Por muito tempo não se pode evitar graves problemas psíquicos e do
desenvolvimento (como de linguagem) por que não era possível precipitar sua aparição
(FLORES, 2012). No entanto, hoje através dos IRDIs trabalha-se com a percepção do risco
avaliando precocemente os bebês na interação com suas mães. Diante disso, é
fundamental que os profissionais dedicados a infância fiquem atentos aos sinais de riscos e
diante disso possam fazer um encaminhamento adequado para um psicologo e/ou
fonoaudiólogo.
Com a utilização dos IRDIS os profissionais podem perceber os eixos fundamentais
para a construção subjetiva do bebê e identificar fatores de risco precocemente, observados
na relação mãe/filho.

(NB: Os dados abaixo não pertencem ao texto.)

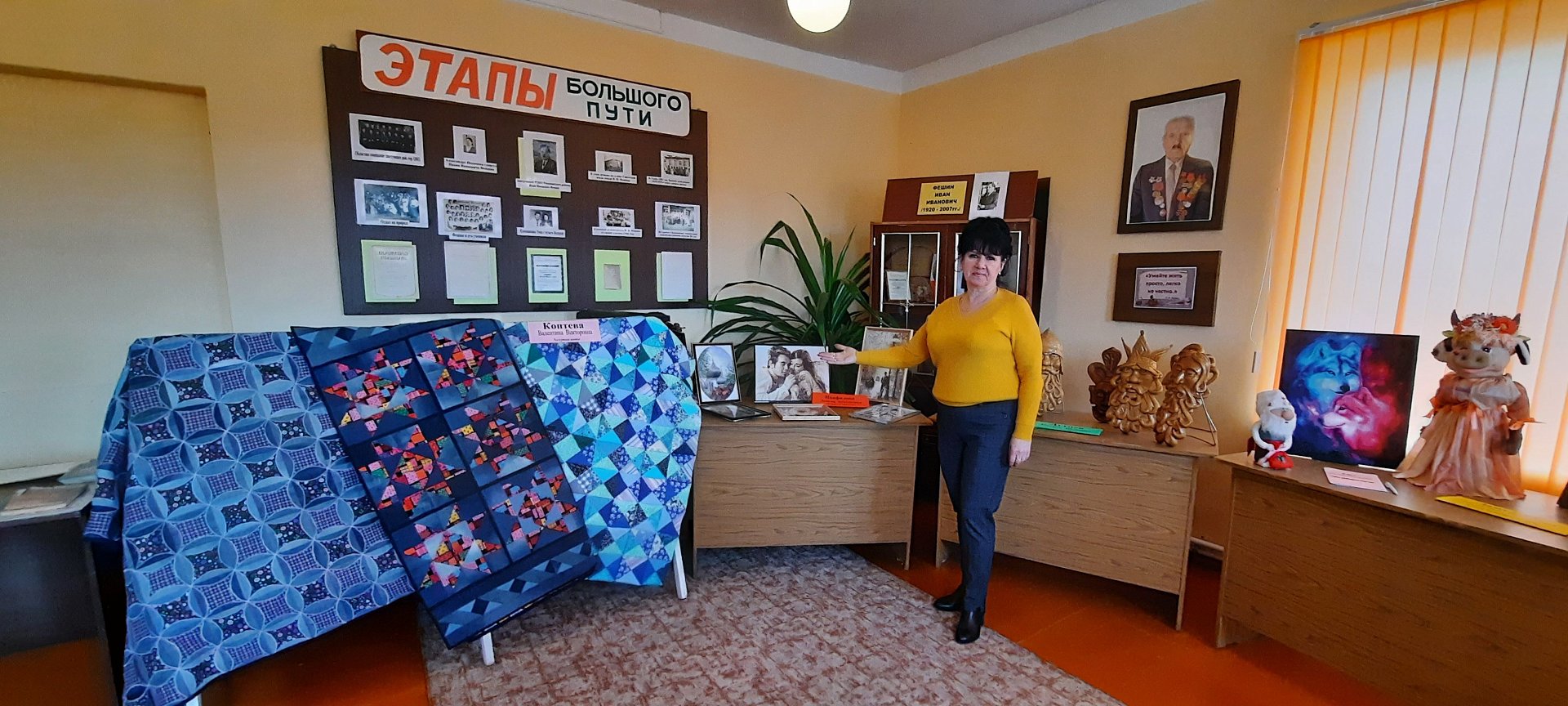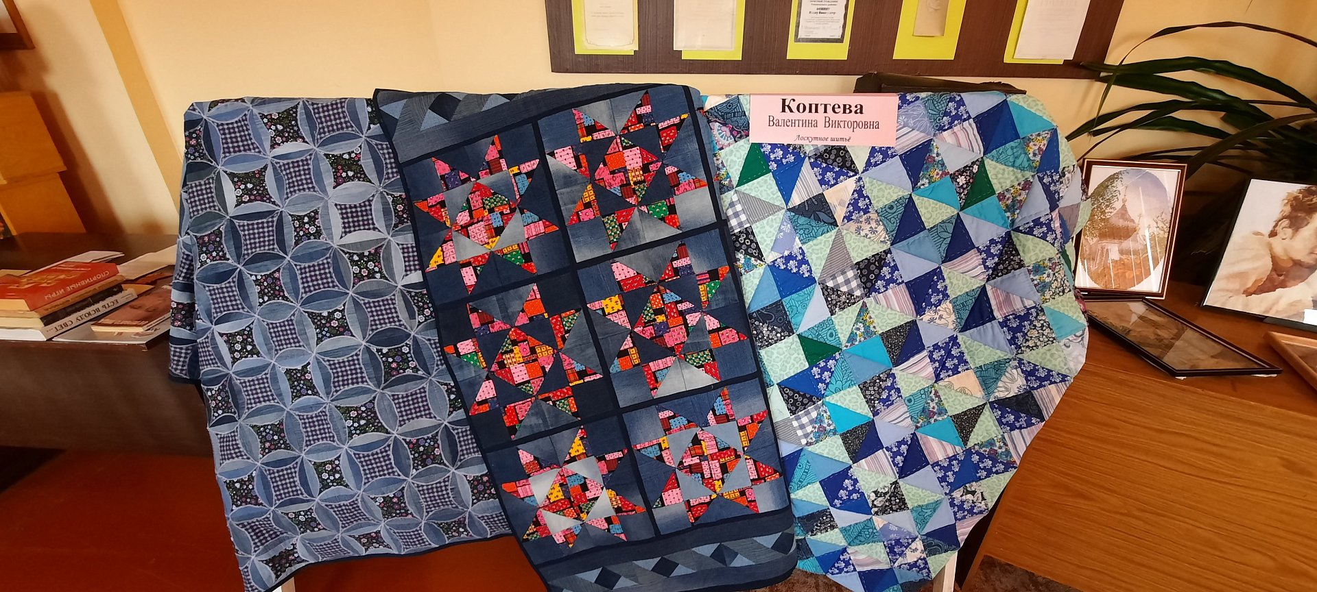 Вот и в этом году весной открылась эта выставка, с которой может ознакомиться каждый желающий. Свои работы в этот раз представили признанные мэтры прикладного творчества - М.И. Лутцев и его работы из дерева, Л.В. Политаева и ее куклы, Н.Ю. Замуленко, которая тоже изготавливает кукол, В.В. Коптева и ее лоскутные одеяла, а также работы из фоамирана, Л.В. Панфилова и ее вышивка. Разноцветье узоров, расцветок и идей предстает перед каждым, кто входит в краеведческую комнату. В этот раз экскурсию нам проводит зав. отделом обслуживания Г.П. Даренская, которая тепло и с любовью ежегодно собирает выставку умельцев.

O êxito do desenvolvimento saudável das crianças depende das
estratégias de comunicação desenvolvidas na família e de investimentos parentais. É
necessário, portanto, a atuação do Psicólogo e do Fonoaudiólogo para detecção e
estimulação precoce em uma perspectiva promocional. A construção do vínculo mãe-bebê é
apontada como determinante no desenvolvimento infantil, nesse sentido é extremamente
relevante analisar as implicações do diagnóstico de deficiência auditiva no comportamento
parental e na vida do bebê desde o momento da suspeita de um diagnóstico.